Mientras abandono la casa, comprendo que esta entrevista nunca trató únicamente del exilio, de la política o de la poesía. Trató, sobre todo, de la responsabilidad de no renunciar a un país, incluso cuando las circunstancias obligan a contemplarlo desde la distancia.

La historia demuestra que las naciones no cambian únicamente por la fuerza de los acontecimientos. Cambian cuando aparecen mujeres y hombres capaces de convertir el sufrimiento en aprendizaje, la división en diálogo y la esperanza en un proyecto compartido.

Nicaragua necesitará algún día ese liderazgo. No uno basado en el resentimiento ni en el culto a la personalidad, sino en la fortaleza de las instituciones, el respeto a la ley, la reconciliación nacional y la defensa inquebrantable de la libertad.

Si ese día llega, serán los nicaragüenses, y solo ellos, quienes decidirán quién merece conducir ese nuevo tiempo.

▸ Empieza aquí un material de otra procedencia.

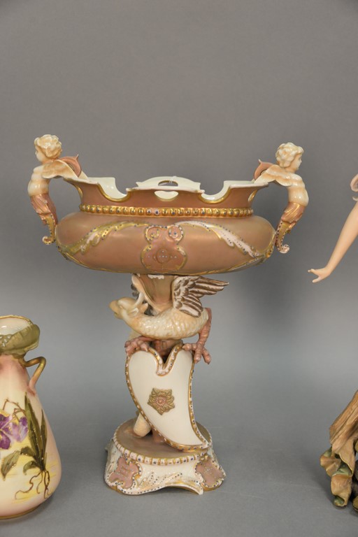 Four porcelain painted pieces to include an urn, compote, serving dish, and tall figure of a woman. ht. 7in. to 16in.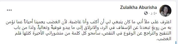 وقالت أبو ريشة في منشور لها عبر حسابها على الفيسبوك، السبت، "اعترف على ملأ أني ما كان ينبغي لي أن أكتب وأنا غاضبة. لأن الغضب يعمينا أحياناً عما نؤمن به من رويةٍ تبعدنا عن الإسفاف في الرد، والانزلاق إلى ما يبدو فوقيةً وتعالياً. ولذا من باب التنقيح والتراجع عن الوقوع في النقص، سأمحو كل كلمة من منشوراتي الأخيرة كتبَها قلم الغضب."

Pero, tras escuchar a Ariel Montoya durante varias horas, resulta difícil no advertir que algunas personas dedican su vida a ocupar el poder, mientras otras la consagran a prepararse para ejercerlo con responsabilidad.

La historia será quien dicte el veredicto.

Los pueblos libres, quienes escriban el último capítulo.

Y Nicaragua, más temprano que tarde, volverá a encontrarse con su destino.